Why do our federal and provincial Conservative parties stay silent on the property rights issue? Property rights appeared on Harper's campaign literature during his first election campaign, but couldn't be found anywhere during the last election. Thoughts?

My thinking would be that property rights are not a very well understood concept. In the U.S. there's an entire field of scholarship around the issues related to property rights. In Canada, property rights have been excluded from the Charter of Rights and Freedoms and there is only a small and fairly weak reference to them in the Canadian Bill of Rights. I think what has happened is there has been an absence of scholarship around this issue.

To the best of my knowledge, you and Maxime Bernier have been the only politicians to raise concerns at the provincial or federal levels about the dangers of jumping on the global warming bandwagon. First of all, do you believe anthropogenic global warming is occurring, and second, what dangers do you associate with AGW-based legislation or international commitments?

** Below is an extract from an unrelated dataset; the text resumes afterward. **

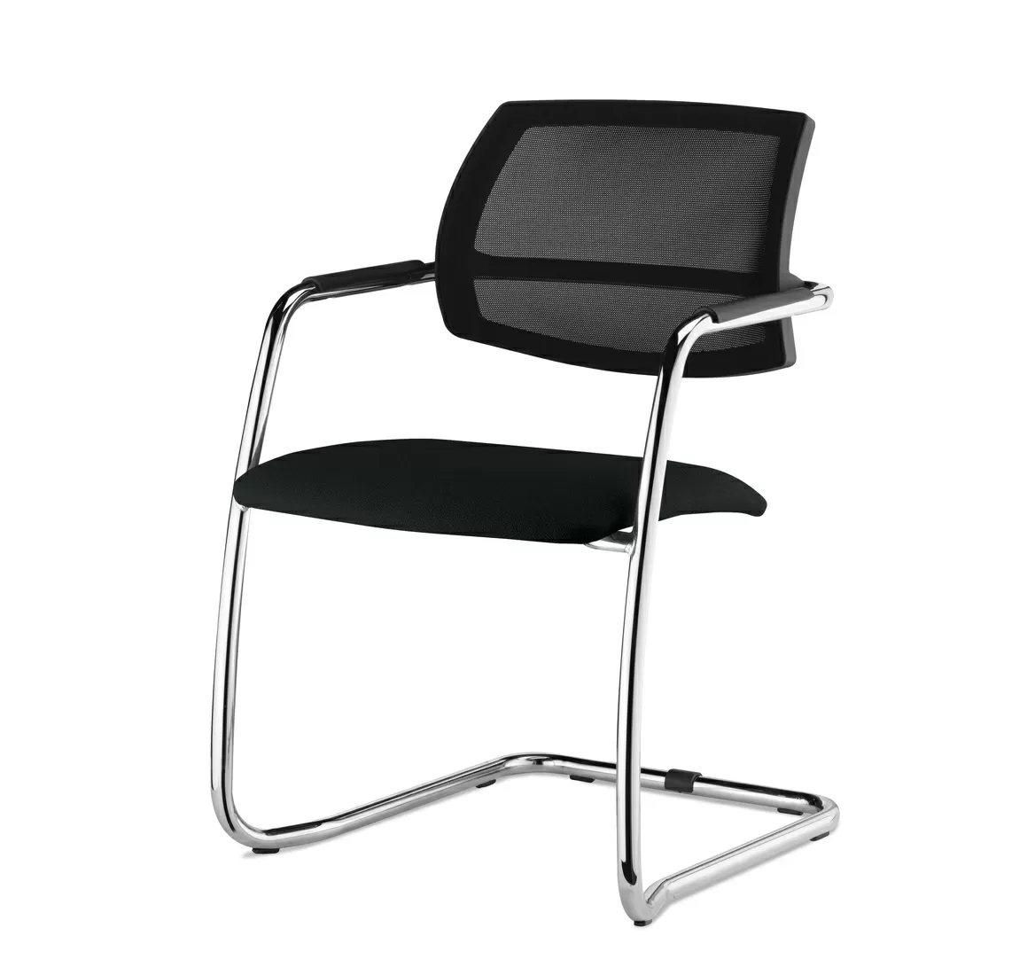 УРБАН-СЕТКА/URBAN-MESH Кресло полозья ткан ЧЕРНЫЙ/ХРОМ

I'm keeping an open mind on the science. I don't think that there is any consensus on the extent of the damage that is being caused, the speed with which it's being caused, the solutions for what can or cannot be done. Whether or not we should adapt, whether or not it's going to be too costly, so should we devote money to addressing more pressing environmental issues. There's a whole range of debate that is happening on this front, but it seems like there is a group that is trying to push a particular view that the effects are going to be catastrophic and they are going to be immediate, therefore we must act immediately. And I frankly think that that is an action that is going to cause an immense amount of disruption and harm to our economy.

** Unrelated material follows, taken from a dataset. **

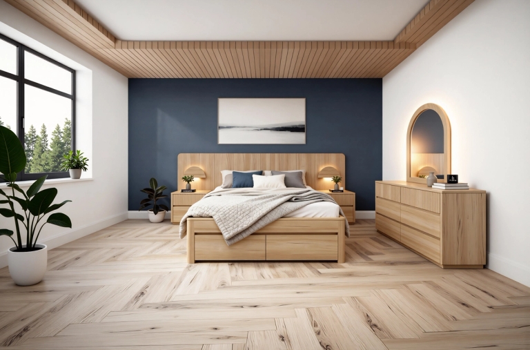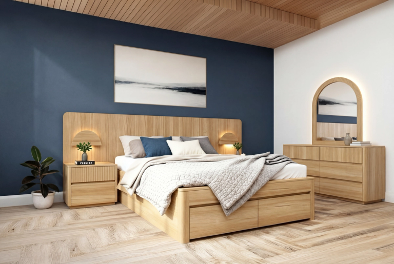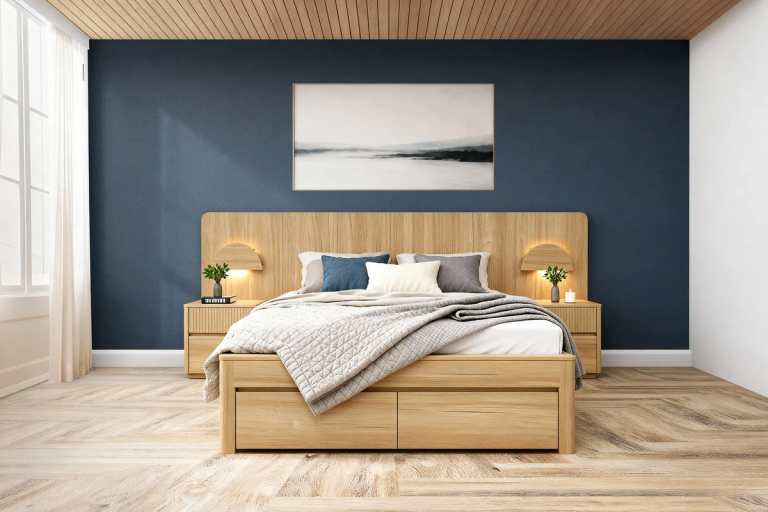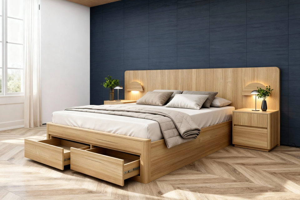 Our Norfolk Bed brings warm timber tones and clean, contemporary lines to your bedroom. The beautifully crafted bedhead features integrated LED lighting with discreet USB and USC charging ports conveniently positioned behind it. With a gas-lift storage base and practical front drawers, the Norfolk Bed is designed to be both functional and a standout feature in your space. The Norfolk Bed features gas-lift storage, front drawers, integrated LED bedhead lighting, and built-in USB and USC charging ports.

On a related issue - the gun registry. In Ontario, police officers are knocking on hunters' doors and seizing firearms because the gun-owner has forgotten to renew his little possession card. Any comments on that from the perspective of the use of police resources?

The long-gun registry was a mistake, plain and simple. It is my understanding that an MP has introduced legislation to eliminate the long-gun registry. We would like to see a companion to that. The license should be turned into a perpetual license. So once you've been approved once, you don't have to continue getting approval. You can get it taken away from you, if you do something that is criminal that requires you to have your license suspended or removed. If we want to create a registry at all, let's create a registry of people who are too dangerous to own guns. This idea of having a registry so we can see how many law abiding citizens there are is ridiculous. Let's be honest, people who have a criminal intent don't show up with a license to get a gun. They're getting it on the black market and they're going to continue to. So we would be far better have having our police resources dedicated to going after those guys and going after gun-smuggling rings and leaving the farmers and ranchers alone.